É incontestável a importância para a Nação que exercem Exército, Marinha e Aeronáutica. O Brasil é um País de grande extensão, com áreas acessíveis apenas às Forças, privá-las de recursos continuados para que possam desenvolver e manter ininterruptamente seus programas e impedi-las de se equipar com satélites, computadores, sistemas, navios e armas é desassistir o Brasil e ignorar que temos problemas estratégicos e geopolíticos que só essas Forças podem prevenir e resolver.
Não podemos assistir de forma passiva, sempre, o envelhecimento de equipamentos e recursos técnicos das forças nacionais e igualmente não podemos eleger programas apenas quando surgem problemas como o recente do controle aéreo.
É preciso pensar e planejar a curto, médio e longo prazo quanto ao atendimento das necessidades de equipamentos, manutenção, planos, treinamento, instalações, softwares, não se podendo atuar socorrendo uma ou outra área quando sucateada e quando catástrofes se abatem sobre o país.
Por isso, necessário se faz criar fontes de verbas permanentes, como royalties de nossos recursos naturais, petróleo, minérios, vinculados aos gastos desta sistemática de modernização.
Lembre-se que o Exército não pôde implementar totalmente até hoje o projeto “CALHA NORTE”, de melhor ocupação para despesa da cobiçada Amazônia, nem desenvolver plenamente os “Programas Força Terrestre”.
E que dizer da então excelente indústria bélica nacional, que além da inveja, pressões e boicote por parte de nações mais desenvolvidas, ainda custou com a “estranguladora” falta de recursos orçamentários ou extraordinários, a ponto de a IMBEL estar sobrevivendo a duras penas?!
Como superar o sempre ocorrente problema da insuficiente dotação de verbas orçamentárias para as Forças Armadas, e, pior ainda, o contingenciamento (ou seja, a não-liberação) desses já parcos recursos?
Há duas soluções para resolver no Brasil o problema da falta de recursos para as Forças Armadas.
A primeira diz respeito aos chamados “royalties” do petróleo, na verdade referentes ao óleo, xisto betuminoso e gás natural, indenização percentual, que é paga pela PETROBRAS sobre o valor dos produtos extraídos no território ou plataforma continental respectiva, aos Estados, Distrito Federal e Municípios, desde as leis 2.004/53, 7.453/85, 7.525/86, até os artigos 47 a 49 da atual Lei nº 9.478, de 6 de agosto de 1997 (que dispõe sobre a política energética nacional e as atividades relativas ao monopólio do petróleo), como compensação financeira pelo resultado da exploração, e incidente sobre o valor do faturamento líqüido resultante da venda do produto mineral.

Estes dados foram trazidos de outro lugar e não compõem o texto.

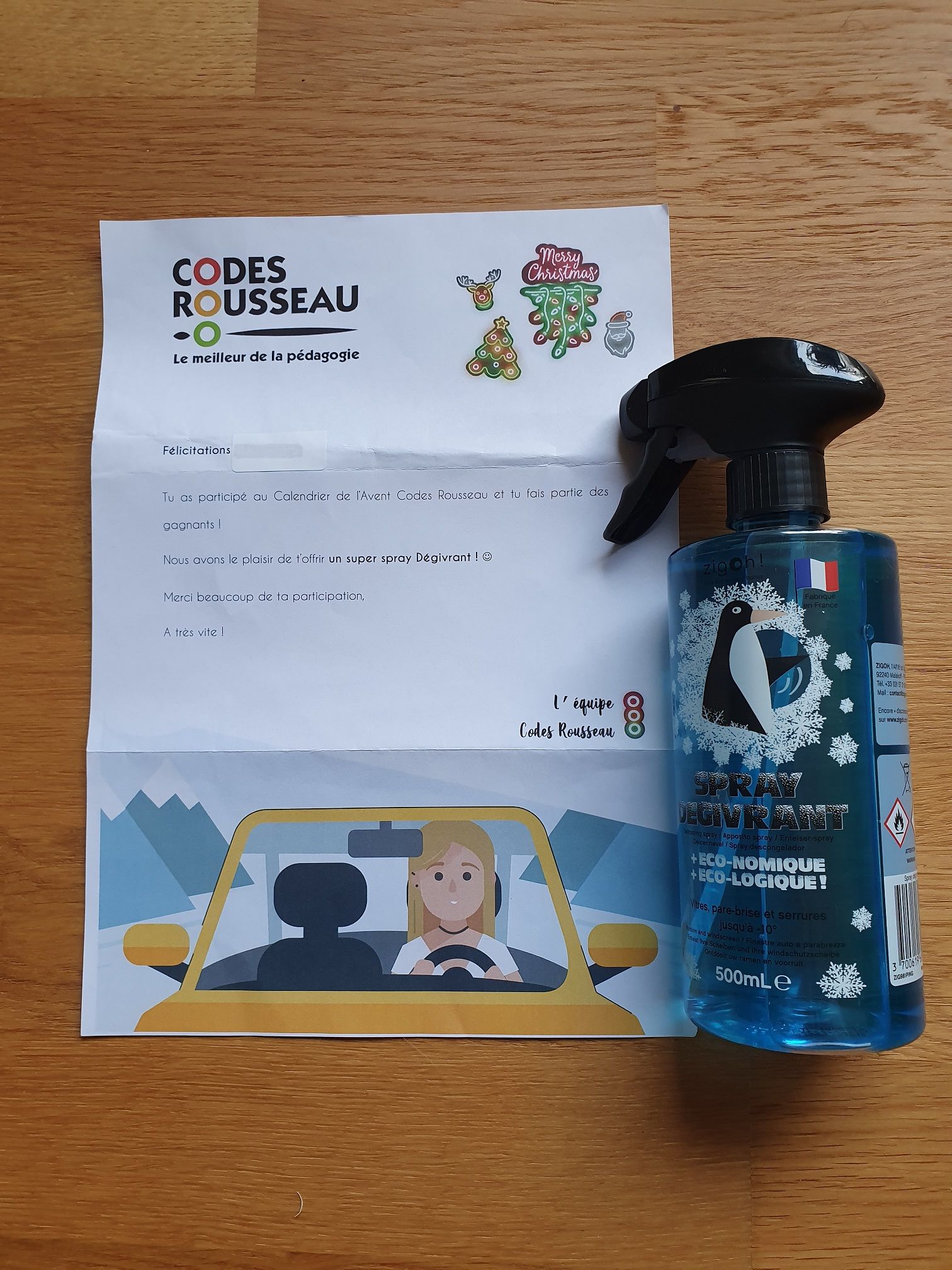 « Au calendrier de l'Avent des Codes Rousseau, gagné un spray dégivrant. Petit cadeau (env 6 €) mais qui peut être utile, je n'ai jamais essayé ce type de produit. Merci aux Codes Rousseau pour ce lot et félicitations pour leur calendrier original

É perfeitamente viável, vital e patriótica a participação das Forças Armadas no produto da arrecadação desses “royalties do petróleo”, podendo-se estabelecer um sistema escalonado, iniciando-se com 20% e elevando-se, trienalmente, a 30, 40 até 50% daqueles valores.
A favor dessa proposta, bastaria lembrar que a PETROBRÁS é uma empresa que nasceu, consolidou-se, desenvolveu-se e sobrevive estatal com total apoio das Forças Armadas, principalmente do Exército Brasileiro, ao contrário de empresas petrolíferas públicas de outros países, que não nasceram do clamor popular e apoio das forças armadas, e que foram facilmente privatizadas.

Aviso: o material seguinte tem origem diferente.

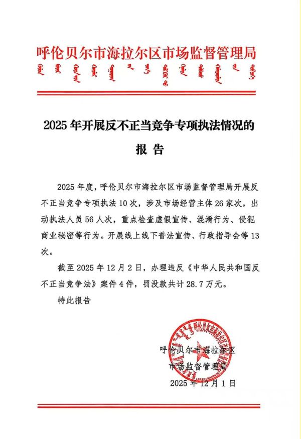 | 名稱: | 呼倫貝爾市海拉爾區(qū)市場(chǎng)監(jiān)督管理局2025年反不正當(dāng)競(jìng)爭(zhēng)專項(xiàng)執(zhí)法情況的報(bào)告 | 文號(hào): | 無 |
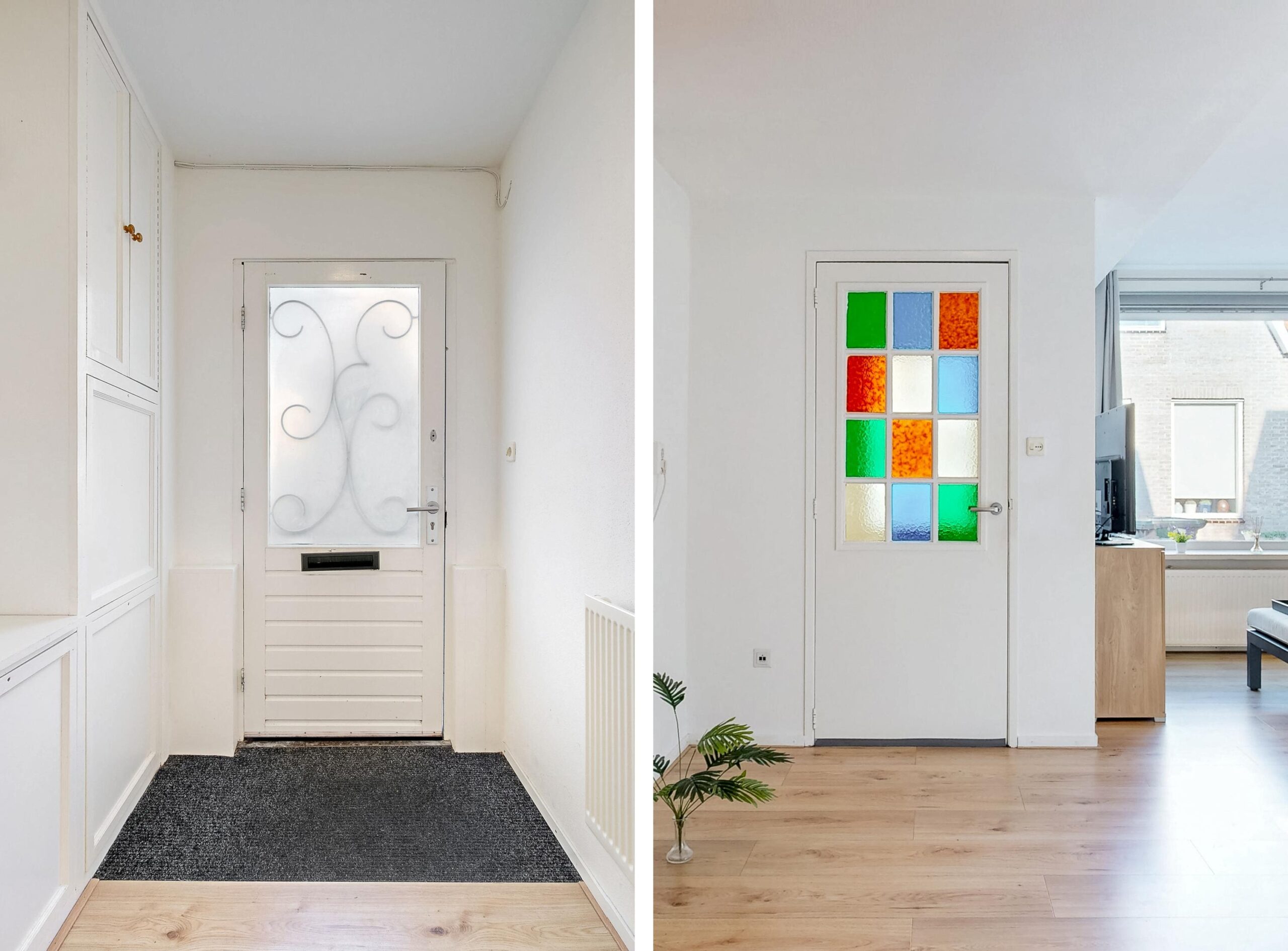 Het eerste appartement verwelkomt u met een ruime hal en een moderne meterkast. De lichte woonkamer staat in open verbinding met de keuken, voorzien van een vaatwasser, afzuigkap en gaskookplaat. Verder beschikt dit appartement over een badkamer met douche, separaat toilet, slaapkamer, praktische bergruimtes en een achtertuin, ideaal voor zon, ontspanning of hobby’s.

A segunda, é seguir o exemplo do Chile, na política da exploração da sua grande extração do minério de cobre, quer pela estatal CODELCO, quer pelas mineradoras privadas.
A chamada “Lei Reservada do Cobre”, de 1989, determinou que 10% das vendas de cobre pela CODELCO se destine às Forças Armadas. E além dos 17% que as mineradoras, como qualquer empresa privada, pagam de impostos, em janeiro de 2006 a Lei nº 20.026 estabeleceu a cobrança de royalties de empresas privadas que exploram recursos naturais esgotáveis daquele país (de 0,5% a 5% sobre o faturamento das mineradoras de médio e grande porte).
Assim, também em relação aos minérios esgotáveis do Brasil, principalmente o de ferro, podem ser instituídos royalties a serem destinados obrigatoriamente ao reequipamento, aperfeiçoamento, pesquisas e desenvolvimento das Forças Armadas brasileiras, cuja existência, presença e atuação sobre o território nacional garantem nossa soberania sobre os recursos minerais do País.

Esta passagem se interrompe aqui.